From the records below, output exactly the lines starting at the line with "Een smal pad" and ending at the line with "天運![]() | 勅使川原和磨さんの天運は32画の5つ星!柔軟性があり成功する。チャンスが多く金運が良い。", both of them included, but no pictures.

Records supplied ->
======
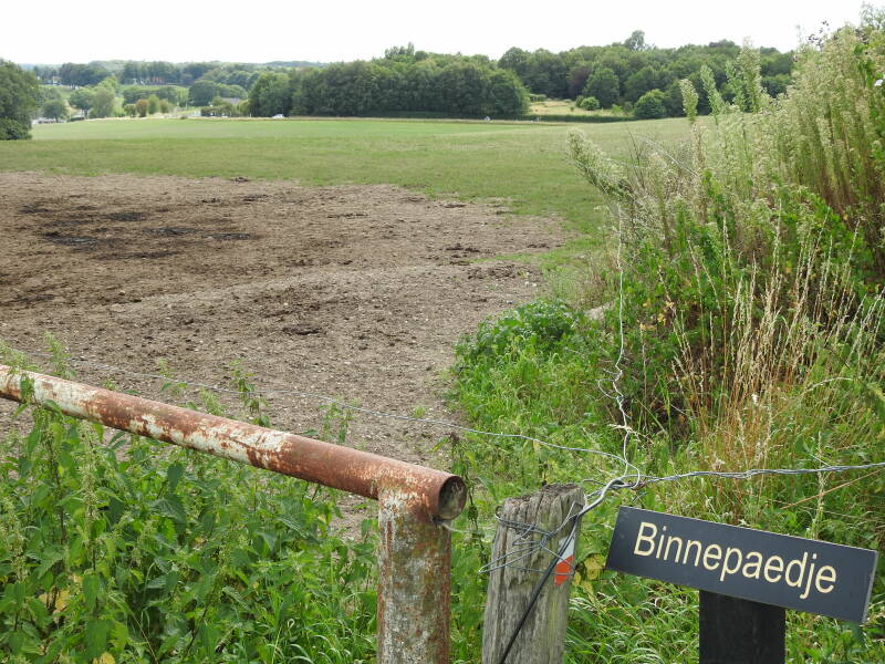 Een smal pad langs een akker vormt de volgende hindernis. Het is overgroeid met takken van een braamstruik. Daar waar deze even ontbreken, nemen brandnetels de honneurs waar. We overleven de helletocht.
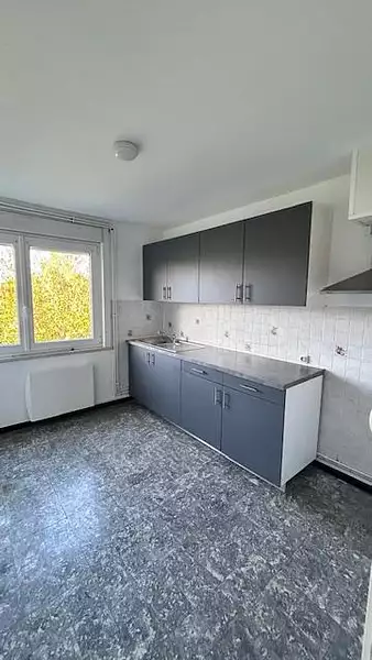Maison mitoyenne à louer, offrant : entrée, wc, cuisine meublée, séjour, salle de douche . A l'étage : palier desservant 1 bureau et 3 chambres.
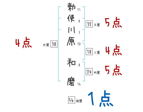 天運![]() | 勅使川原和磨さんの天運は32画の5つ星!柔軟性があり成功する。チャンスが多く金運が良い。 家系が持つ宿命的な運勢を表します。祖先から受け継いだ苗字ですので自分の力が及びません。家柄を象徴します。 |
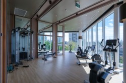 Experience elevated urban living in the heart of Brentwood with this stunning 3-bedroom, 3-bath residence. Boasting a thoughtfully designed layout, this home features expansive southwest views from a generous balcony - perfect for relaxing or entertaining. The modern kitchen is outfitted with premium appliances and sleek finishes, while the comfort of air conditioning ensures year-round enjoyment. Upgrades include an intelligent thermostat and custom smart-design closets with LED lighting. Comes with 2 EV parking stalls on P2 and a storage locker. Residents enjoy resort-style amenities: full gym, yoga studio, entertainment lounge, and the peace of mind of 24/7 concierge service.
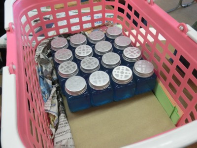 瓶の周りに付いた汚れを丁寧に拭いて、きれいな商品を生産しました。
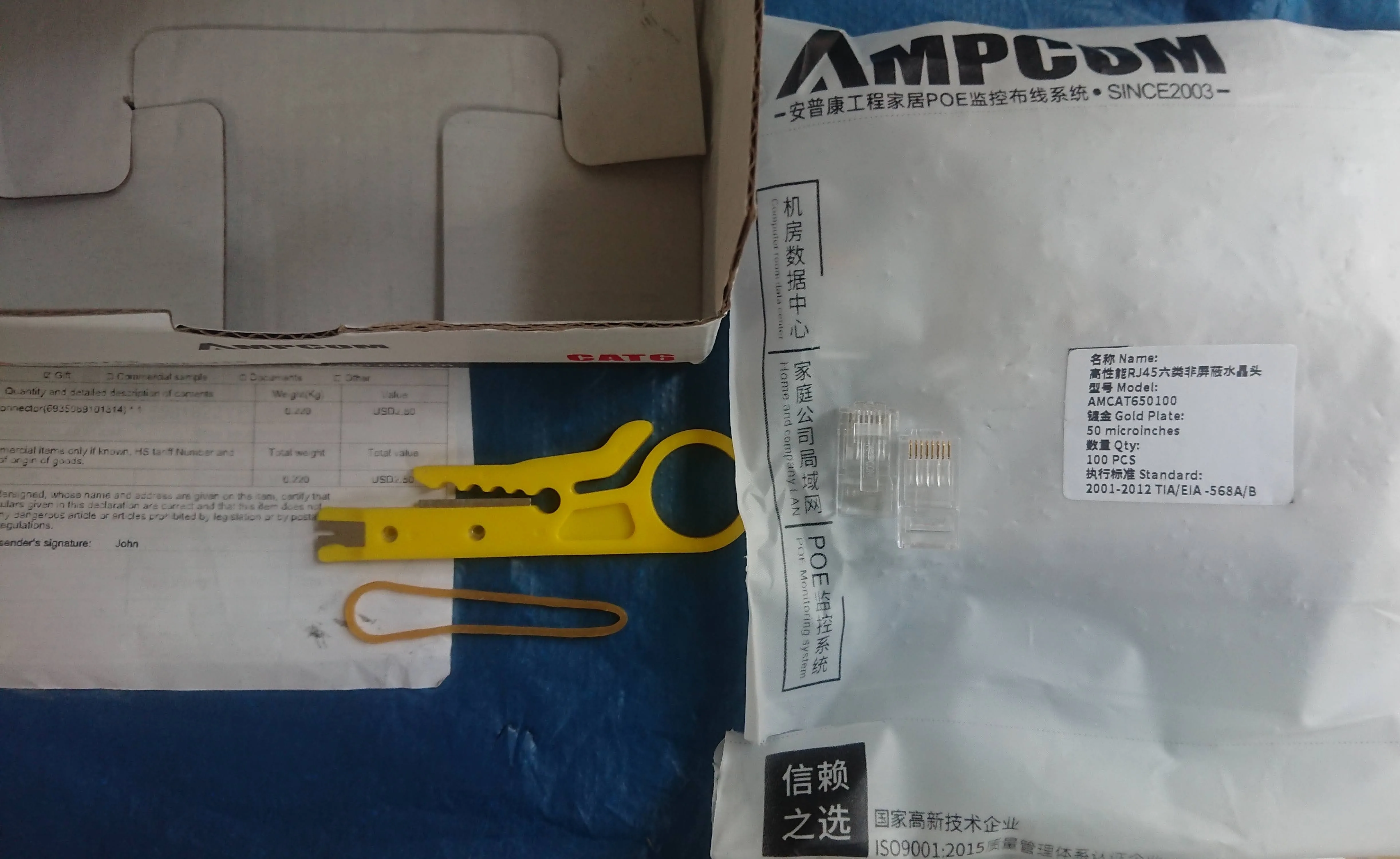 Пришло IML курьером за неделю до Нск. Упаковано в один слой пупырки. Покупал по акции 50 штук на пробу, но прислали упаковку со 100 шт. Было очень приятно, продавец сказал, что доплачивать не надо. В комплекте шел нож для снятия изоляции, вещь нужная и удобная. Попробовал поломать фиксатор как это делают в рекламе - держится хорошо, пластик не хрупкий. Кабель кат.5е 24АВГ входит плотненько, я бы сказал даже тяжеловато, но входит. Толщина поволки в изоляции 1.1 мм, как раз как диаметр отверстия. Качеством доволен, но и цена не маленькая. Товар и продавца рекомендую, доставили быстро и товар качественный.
======
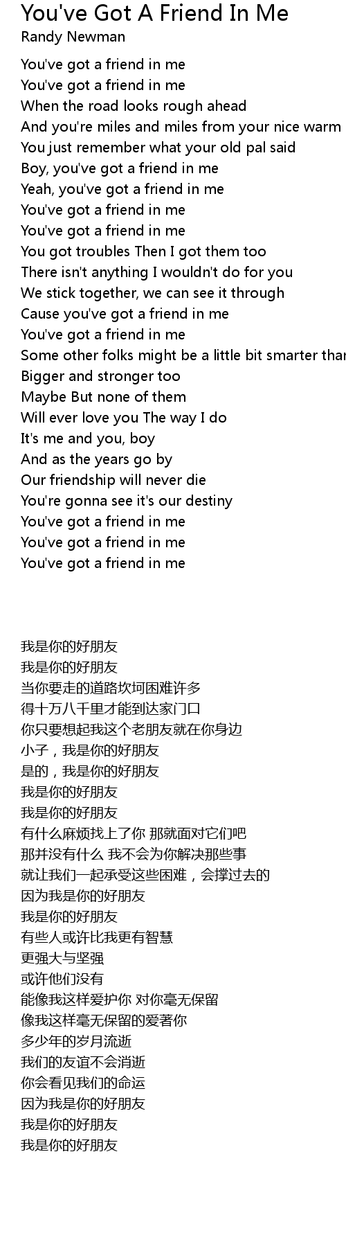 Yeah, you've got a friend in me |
======
Finished exercise ->
 Een smal pad langs een akker vormt de volgende hindernis. Het is overgroeid met takken van een braamstruik. Daar waar deze even ontbreken, nemen brandnetels de honneurs waar. We overleven de helletocht.
Maison mitoyenne à louer, offrant : entrée, wc, cuisine meublée, séjour, salle de douche . A l'étage : palier desservant 1 bureau et 3 chambres.
 天運![]() | 勅使川原和磨さんの天運は32画の5つ星!柔軟性があり成功する。チャンスが多く金運が良い。 家系が持つ宿命的な運勢を表します。祖先から受け継いだ苗字ですので自分の力が及びません。家柄を象徴します。 |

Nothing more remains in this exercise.